So, I'm making matrix-vector product using openMP, but I've noticed it's working reallllly slow. After some times trying to figure out whats wrong I just deleted all code in parallel section and its still SLOW. What can be problem here? (n = 1000)
Here is time results for 1, 2 and 4 cores.
seq_method time = 0.001047194215062
parrallel_method (1) time = 0.001050273191140 seq - par = -0.000003078976079 seq/par = 0.997068404578433
parrallel_method (2) time = 0.001961992426004 seq - par = -0.000914798210943 seq/par = 0.533740192460558
parrallel_method (4) time = 0.004448095121916 seq - par = -0.003400900906854 seq/par = 0.235425319459132
Even when I delete code from parallel section - it doesnt change much.
void parallel_method(float A[n][n], float B[n], float C[n], int thr_num)
{
double t1, t2;
float tmp = 0;
int i, j;
t1 = omp_get_wtime();
omp_set_dynamic(0);
omp_set_num_threads(thr_num);
#pragma omp parallel for private(tmp, j, i)
for (i = 0; i < n; i++) {
tmp = 0;
for (j = 0; j < n; j++) {
tmp += A[i][j] * B[j];
}
#pragma omp atomic
C[i] += tmp;
}
//////
t2 = omp_get_wtime();
if (show_c) print_vector(C);
par = t2 - t1;
printf("\nparrallel_method (%d) time = %.15f", thr_num, par);
printf("\nseq - par = %.15f", seq - par);
printf("\nseq/par = %.15f\n", seq / par);
}
I tried to reproduce your problem and was not able to do that.
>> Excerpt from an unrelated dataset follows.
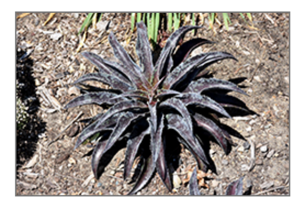
Black Magic Mangave

I have a completely coherent behavior.
Except for small size, where thread overhead is significant, the results are more or less what is expected.
What I did:
all measures are done in the same run
I run all functions once without timing to warm-up the caches
In real code estimations, I would have also
time several successive executions of the same function, especially if time is short in order to reduce small variations
run several experiments and keep the smallest one to suppress outliers. (I prefer minimum, but you can also compute the average).
You should have posted all you code, and I do not know what is your methodology. But I think that your estimations where done in different runs and without warming up the caches. For this code, cache impact is very important and cores have to store the same information (B). And the problem is not large enough to benefit from the larger L1/L2 caches. These multiples loads may explain the worse performances of parallel code.
On last remark on your code. Every thread will have their own values of i. Hence C[i] can be accessed by only one thread and the atomic pragma is useless.